RECORD SET section start
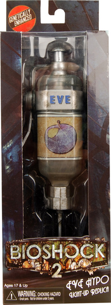 The second item we already revealed to you back in November: the EVE Hypo replica. The good news is this former UK exclusive is now available in the States. Full of the life blood of Rapture, the EVE hypo has LED lights that come on when you press the button at the top of the syringe. It measures over 8" tall and comes in window box packaging so you can see right away all the detail and weathering, just like in the game.
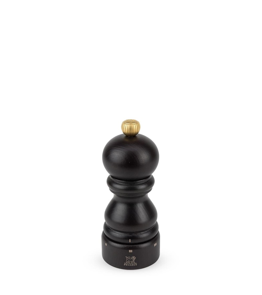 Silhouette emblématique, système de réglage de mouture breveté, ce moulin à poivre Paris, dans son coloris chocolat, révèle les sens. Compact, ce moulin à poivre manuel de la collection Paris est doté d'un ingénieux système de réglage de mouture, appelé u'Select. Situé sur sa base, il vous permet de sélectionner avec précision la taille du poivre souhaité. Positionné sur 1 la mouture délivrée sera très fine, sur 6 vous obtiendrez une mouture de poivre beaucoup plus grosse. La silhouette de ce moulin en bois, emblématique de Peugeot est surmontée d'un bouton doré élégant. Tel un bijou, il ajoute une touche précieuse à ce moulin.
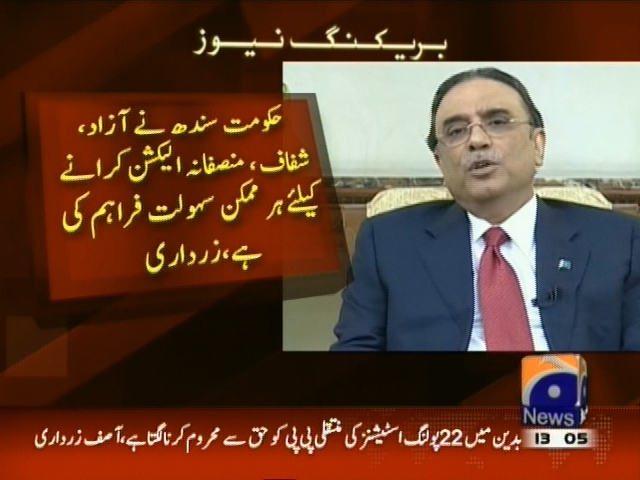 81یونین کونسلز میں پولنگ ملتوی کرنا پیپلز پارٹی کو اسکے حق سے محروم کرنا ہے ، زرداری، بدین میں عین وقت پر 22 پولنگ اسٹیشنز کی منتقلی پیپلز پارٹی کو جائز حق سے محروم کرنا لگتا ہے، حکومت سندھ نے آزاد، شفاف، منصفانہ الیکشن کرانے کیلئے ہر ممکن سہولت فراہم کی، لگتا ہے الیکشن کمیشن کی دوڑیں غیر متعلقہ حلقوں کی جانب سے ہلائی جارہی ہیں، زرداری۔
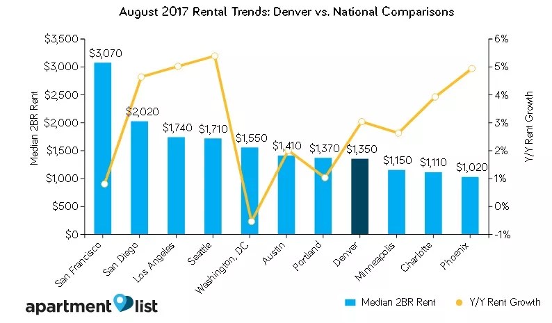 Another graphic puts Denver rent costs for a two-bedroom apartment in perspective by comparing them to the prices for such a space in other major American cities.
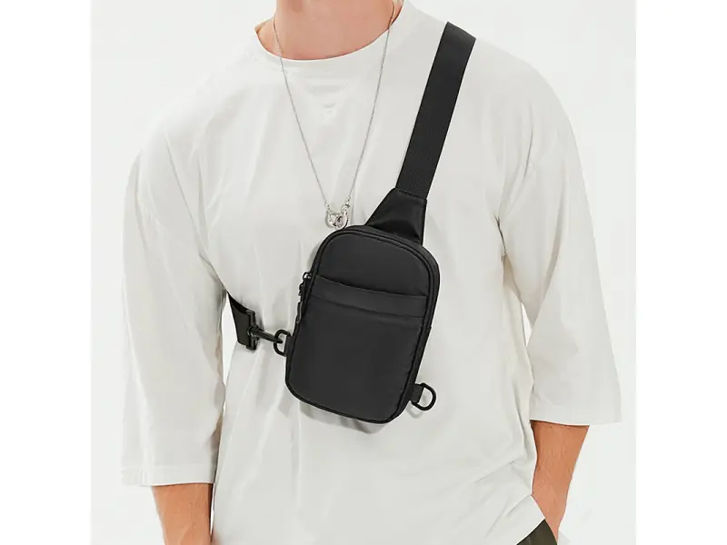 - Мъжка чанта, която може да се носи през гърди, рамо или гръб тип раница.
RECORD SET section end
▶ _TASK BRIEF_: The expected answer is the listing above, duplicated exactly, with its pictures removed.

▶ _YOUR SOLUTION_:
 The second item we already revealed to you back in November: the EVE Hypo replica. The good news is this former UK exclusive is now available in the States. Full of the life blood of Rapture, the EVE hypo has LED lights that come on when you press the button at the top of the syringe. It measures over 8" tall and comes in window box packaging so you can see right away all the detail and weathering, just like in the game.
 Silhouette emblématique, système de réglage de mouture breveté, ce moulin à poivre Paris, dans son coloris chocolat, révèle les sens. Compact, ce moulin à poivre manuel de la collection Paris est doté d'un ingénieux système de réglage de mouture, appelé u'Select. Situé sur sa base, il vous permet de sélectionner avec précision la taille du poivre souhaité. Positionné sur 1 la mouture délivrée sera très fine, sur 6 vous obtiendrez une mouture de poivre beaucoup plus grosse. La silhouette de ce moulin en bois, emblématique de Peugeot est surmontée d'un bouton doré élégant. Tel un bijou, il ajoute une touche précieuse à ce moulin.
 81یونین کونسلز میں پولنگ ملتوی کرنا پیپلز پارٹی کو اسکے حق سے محروم کرنا ہے ، زرداری، بدین میں عین وقت پر 22 پولنگ اسٹیشنز کی منتقلی پیپلز پارٹی کو جائز حق سے محروم کرنا لگتا ہے، حکومت سندھ نے آزاد، شفاف، منصفانہ الیکشن کرانے کیلئے ہر ممکن سہولت فراہم کی، لگتا ہے الیکشن کمیشن کی دوڑیں غیر متعلقہ حلقوں کی جانب سے ہلائی جارہی ہیں، زرداری۔
 Another graphic puts Denver rent costs for a two-bedroom apartment in perspective by comparing them to the prices for such a space in other major American cities.
 - Мъжка чанта, която може да се носи през гърди, рамо или гръб тип раница.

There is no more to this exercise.